Each line of data below must be printed exactly as written, with any pictures removed.

=== Begin Enclosure ===

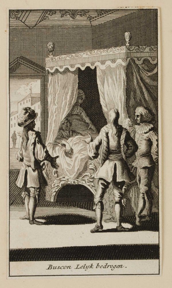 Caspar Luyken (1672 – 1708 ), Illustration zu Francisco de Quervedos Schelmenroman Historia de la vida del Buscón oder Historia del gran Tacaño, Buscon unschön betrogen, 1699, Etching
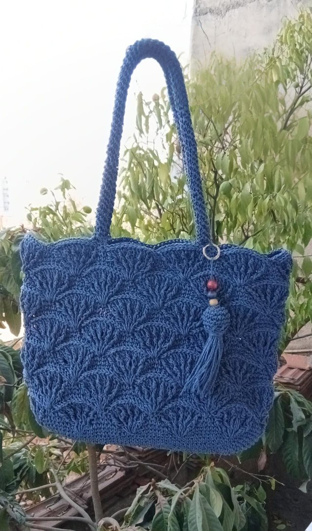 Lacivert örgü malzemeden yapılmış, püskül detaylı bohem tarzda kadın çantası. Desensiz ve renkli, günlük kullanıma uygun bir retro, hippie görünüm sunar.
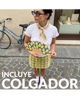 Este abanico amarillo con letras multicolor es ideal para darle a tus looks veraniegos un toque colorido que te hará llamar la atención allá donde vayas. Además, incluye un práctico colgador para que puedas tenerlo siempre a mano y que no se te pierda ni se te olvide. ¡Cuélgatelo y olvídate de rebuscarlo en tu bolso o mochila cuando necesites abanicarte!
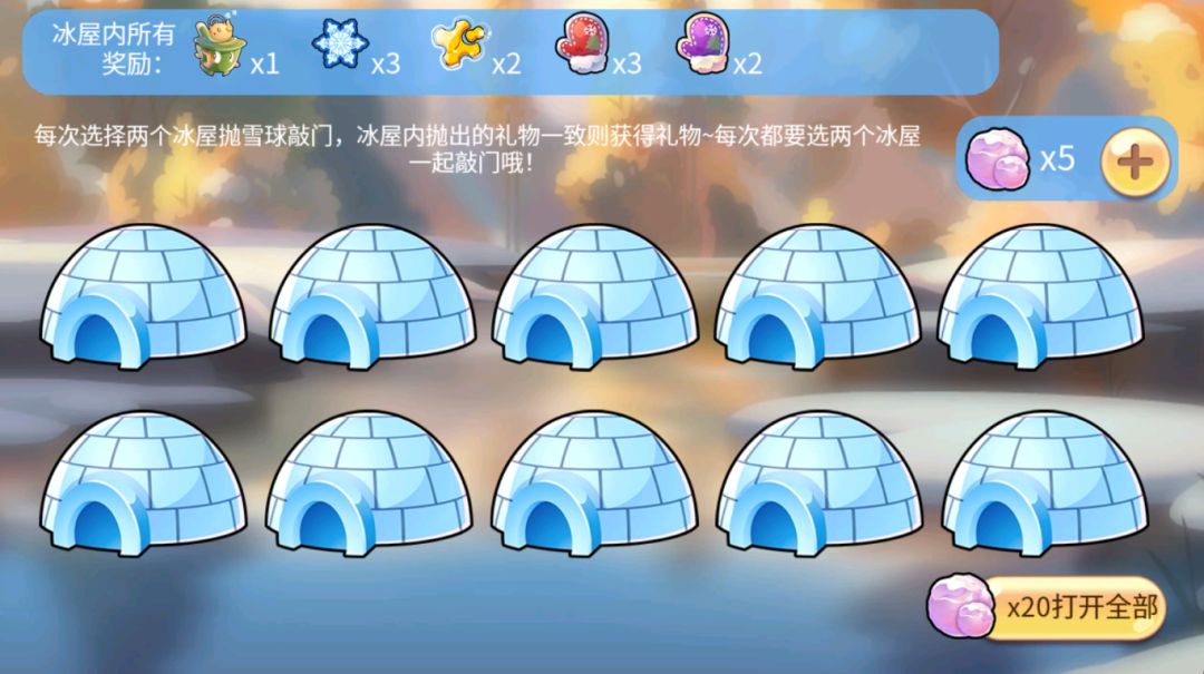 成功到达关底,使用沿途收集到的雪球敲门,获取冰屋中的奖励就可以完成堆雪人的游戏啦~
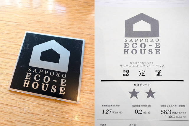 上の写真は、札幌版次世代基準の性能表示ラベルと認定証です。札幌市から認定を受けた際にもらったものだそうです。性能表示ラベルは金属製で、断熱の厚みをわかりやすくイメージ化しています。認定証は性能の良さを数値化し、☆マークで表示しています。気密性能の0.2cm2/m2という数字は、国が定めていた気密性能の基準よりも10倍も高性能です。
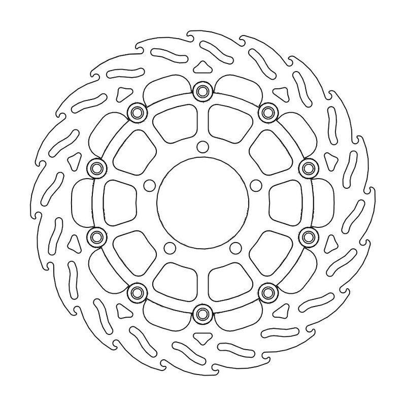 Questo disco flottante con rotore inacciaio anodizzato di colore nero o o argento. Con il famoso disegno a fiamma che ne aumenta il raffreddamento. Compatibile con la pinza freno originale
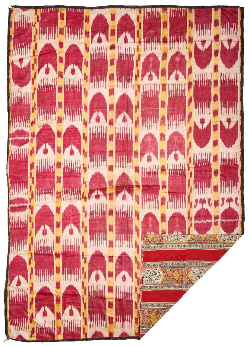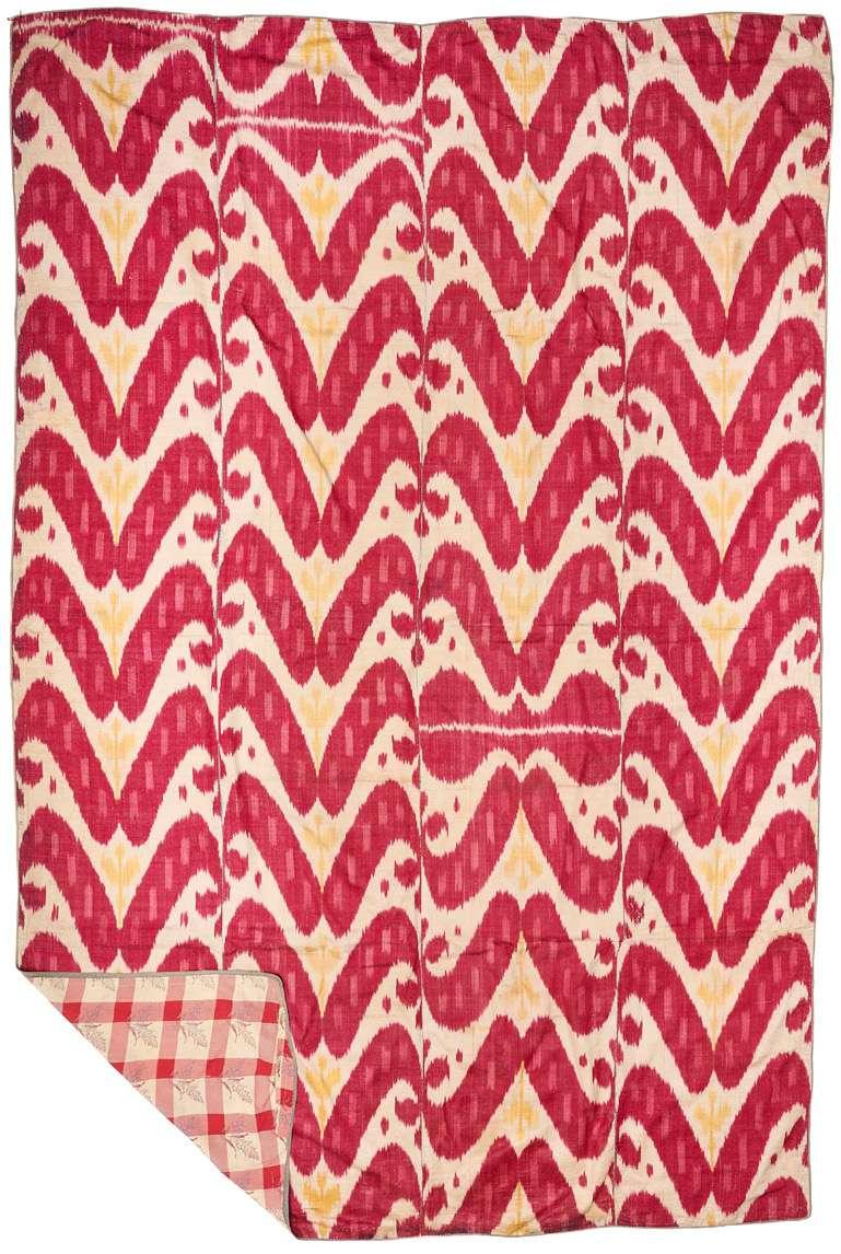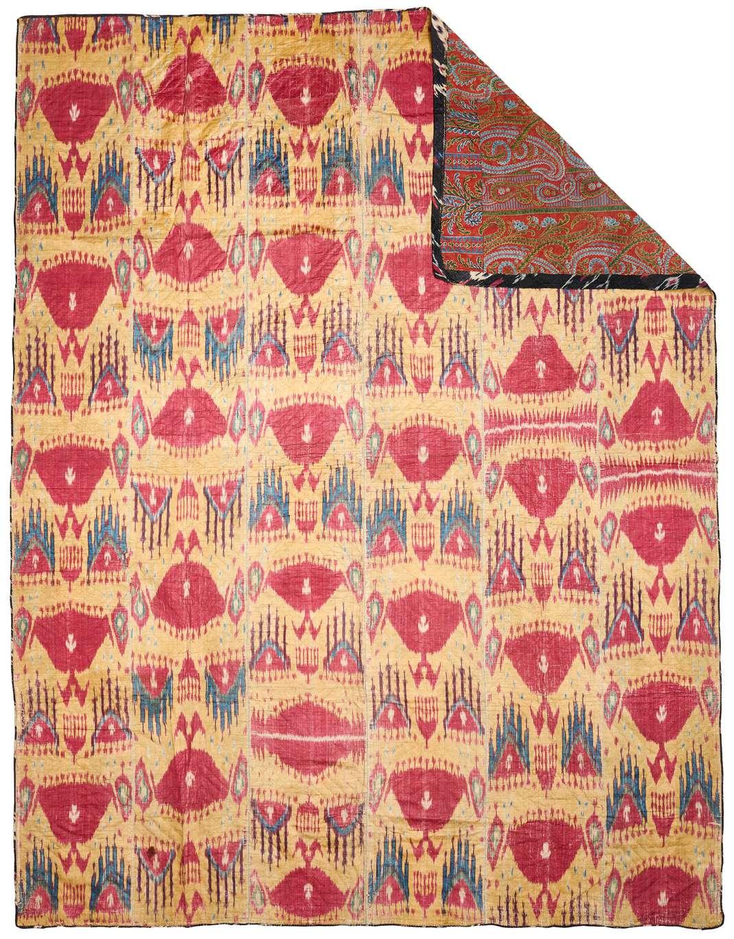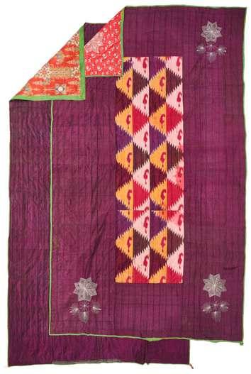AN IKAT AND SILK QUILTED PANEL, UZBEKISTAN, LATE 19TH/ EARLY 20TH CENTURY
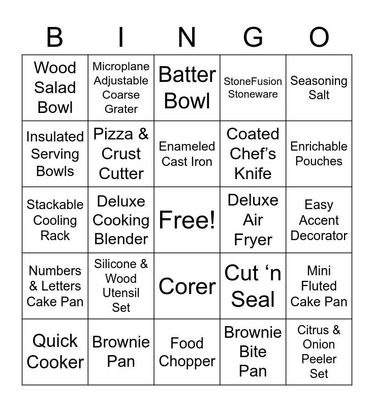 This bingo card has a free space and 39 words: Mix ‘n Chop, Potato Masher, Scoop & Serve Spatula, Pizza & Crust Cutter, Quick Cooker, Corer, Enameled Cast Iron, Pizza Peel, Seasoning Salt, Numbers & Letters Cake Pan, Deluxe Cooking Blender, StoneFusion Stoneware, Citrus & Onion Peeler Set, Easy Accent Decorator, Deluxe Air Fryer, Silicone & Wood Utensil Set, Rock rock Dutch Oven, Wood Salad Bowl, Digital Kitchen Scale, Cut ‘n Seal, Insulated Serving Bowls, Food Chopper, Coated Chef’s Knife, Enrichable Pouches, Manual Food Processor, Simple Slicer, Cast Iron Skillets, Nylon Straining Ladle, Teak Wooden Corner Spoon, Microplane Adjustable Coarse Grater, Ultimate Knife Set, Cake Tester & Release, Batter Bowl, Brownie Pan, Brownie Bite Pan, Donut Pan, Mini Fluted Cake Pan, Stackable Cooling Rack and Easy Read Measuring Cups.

=== End Enclosure ===

■ Result:
 Caspar Luyken (1672 – 1708 ), Illustration zu Francisco de Quervedos Schelmenroman Historia de la vida del Buscón oder Historia del gran Tacaño, Buscon unschön betrogen, 1699, Etching
 Lacivert örgü malzemeden yapılmış, püskül detaylı bohem tarzda kadın çantası. Desensiz ve renkli, günlük kullanıma uygun bir retro, hippie görünüm sunar.
 Este abanico amarillo con letras multicolor es ideal para darle a tus looks veraniegos un toque colorido que te hará llamar la atención allá donde vayas. Además, incluye un práctico colgador para que puedas tenerlo siempre a mano y que no se te pierda ni se te olvide. ¡Cuélgatelo y olvídate de rebuscarlo en tu bolso o mochila cuando necesites abanicarte!
 成功到达关底,使用沿途收集到的雪球敲门,获取冰屋中的奖励就可以完成堆雪人的游戏啦~
 上の写真は、札幌版次世代基準の性能表示ラベルと認定証です。札幌市から認定を受けた際にもらったものだそうです。性能表示ラベルは金属製で、断熱の厚みをわかりやすくイメージ化しています。認定証は性能の良さを数値化し、☆マークで表示しています。気密性能の0.2cm2/m2という数字は、国が定めていた気密性能の基準よりも10倍も高性能です。
 Questo disco flottante con rotore inacciaio anodizzato di colore nero o o argento. Con il famoso disegno a fiamma che ne aumenta il raffreddamento. Compatibile con la pinza freno originale
AN IKAT AND SILK QUILTED PANEL, UZBEKISTAN, LATE 19TH/ EARLY 20TH CENTURY
 This bingo card has a free space and 39 words: Mix ‘n Chop, Potato Masher, Scoop & Serve Spatula, Pizza & Crust Cutter, Quick Cooker, Corer, Enameled Cast Iron, Pizza Peel, Seasoning Salt, Numbers & Letters Cake Pan, Deluxe Cooking Blender, StoneFusion Stoneware, Citrus & Onion Peeler Set, Easy Accent Decorator, Deluxe Air Fryer, Silicone & Wood Utensil Set, Rock rock Dutch Oven, Wood Salad Bowl, Digital Kitchen Scale, Cut ‘n Seal, Insulated Serving Bowls, Food Chopper, Coated Chef’s Knife, Enrichable Pouches, Manual Food Processor, Simple Slicer, Cast Iron Skillets, Nylon Straining Ladle, Teak Wooden Corner Spoon, Microplane Adjustable Coarse Grater, Ultimate Knife Set, Cake Tester & Release, Batter Bowl, Brownie Pan, Brownie Bite Pan, Donut Pan, Mini Fluted Cake Pan, Stackable Cooling Rack and Easy Read Measuring Cups.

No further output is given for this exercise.